Clippers bench’inin tek sıkıntısı Harden’ın üstüne salacak bir savunmacı bulmak değil. Hücumun sıkıştığı anları kendi halinde takılarak kurtaran Jamal Crawford dışında kenardan hemen hiçbir katkı gelmiyor. Spurs serisinin bir maçında Rivers babasını gururlandırdı, Glen Davis arada bir savunmada işe yaradı ama musluğun akışı, rotasyondan Patrick Beverley ve Donatas Motiejunas gibi önemli iki parçayı kaybetmesine rağmen Rockets’ınkine kıyasla komik seviyede. Üstelik Beverley elinde alçıyla idmanlara çıkıyor ve bir noktada oynamak için ihtimalleri zorluyor. Gerçekten dönebilirse, bir yandan sakatlıkla uğraşacak Paul’un çok canını sıkar.

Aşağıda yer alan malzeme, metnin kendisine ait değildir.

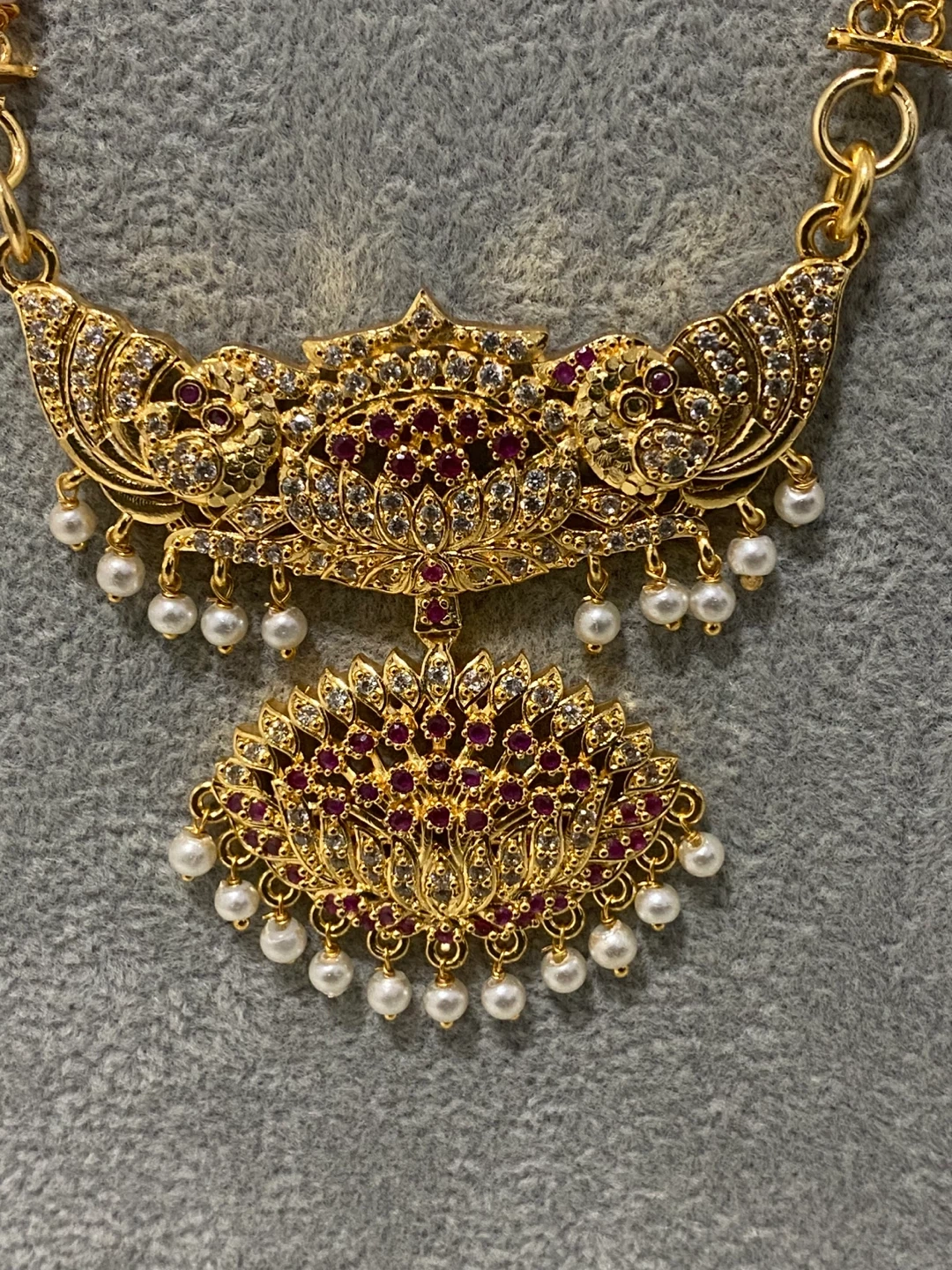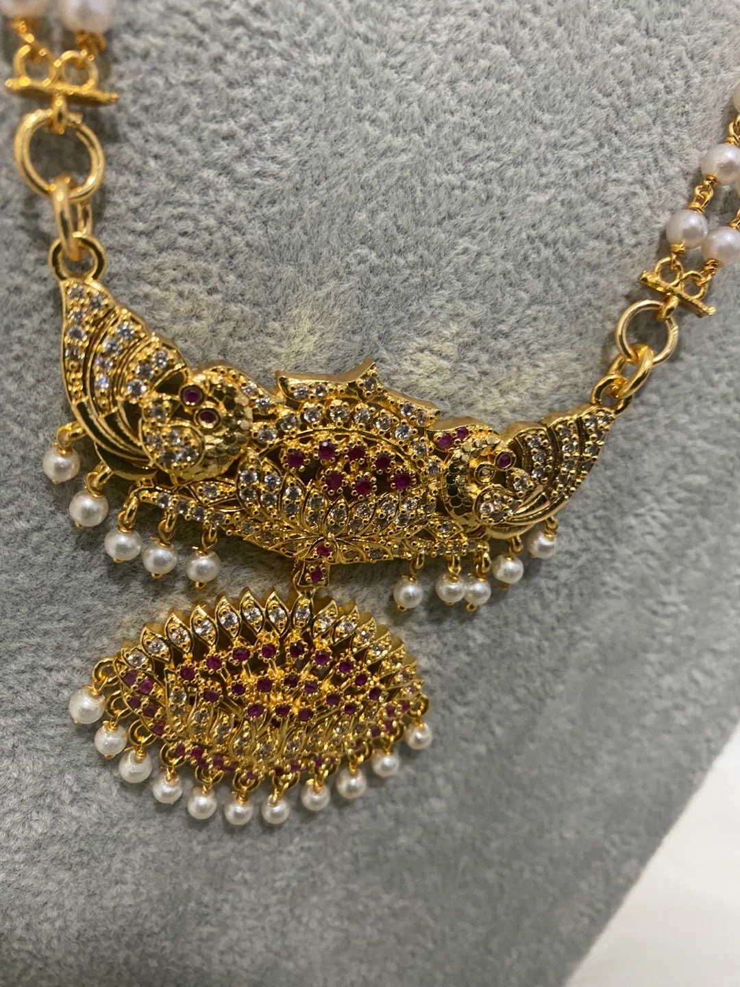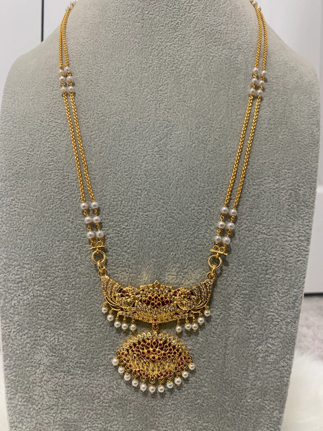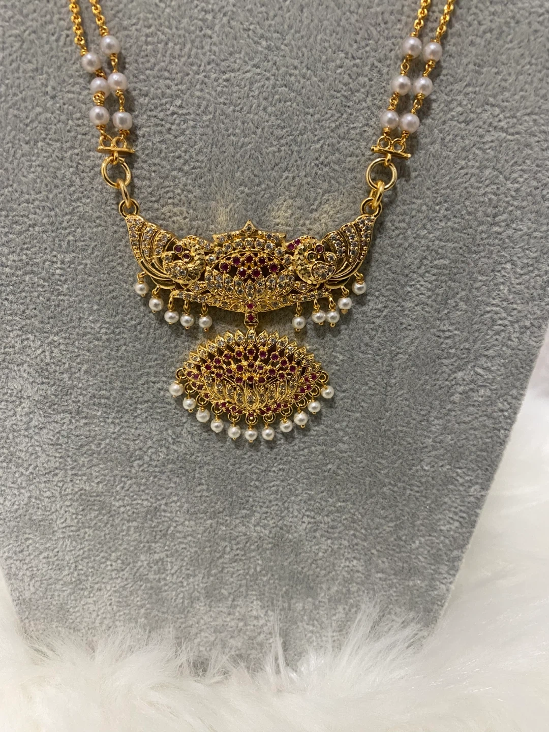 28This is a beautiful gold-toned necklace featuring intricate detailing and pearl accents. It's in great condition and would be a lovely addition to any jewelry collection!

Yine de Paul’un şu anda Beverley’nin dönme ihtimaliyle aklını meşgul etmediğine eminim. Onun aklında sadece ne kadar hareket edebileceği ve kapasitesinin ne kadarıyla oynayabileceği olsa gerek. Dün “Bir tahmin yapmam gerekecekse ilk maçta oynayamayacağını söylerdim” diyen Doc Rivers’ın da… Kısıtlı gözükmeyen bir Paul, hücumda daha teknik bir takım olan ve Rockets’ın pota altı atletizmine karşılık verebilen Clippers’ı seride benim favorim yapar. Yedinci maçtaki gibi hareket edemeyen ve bu defa mucize de yaratamayan bir Paul izleyeceksek, o zaman Rockets’ın konferans finalistliğini tebrik edebiliriz.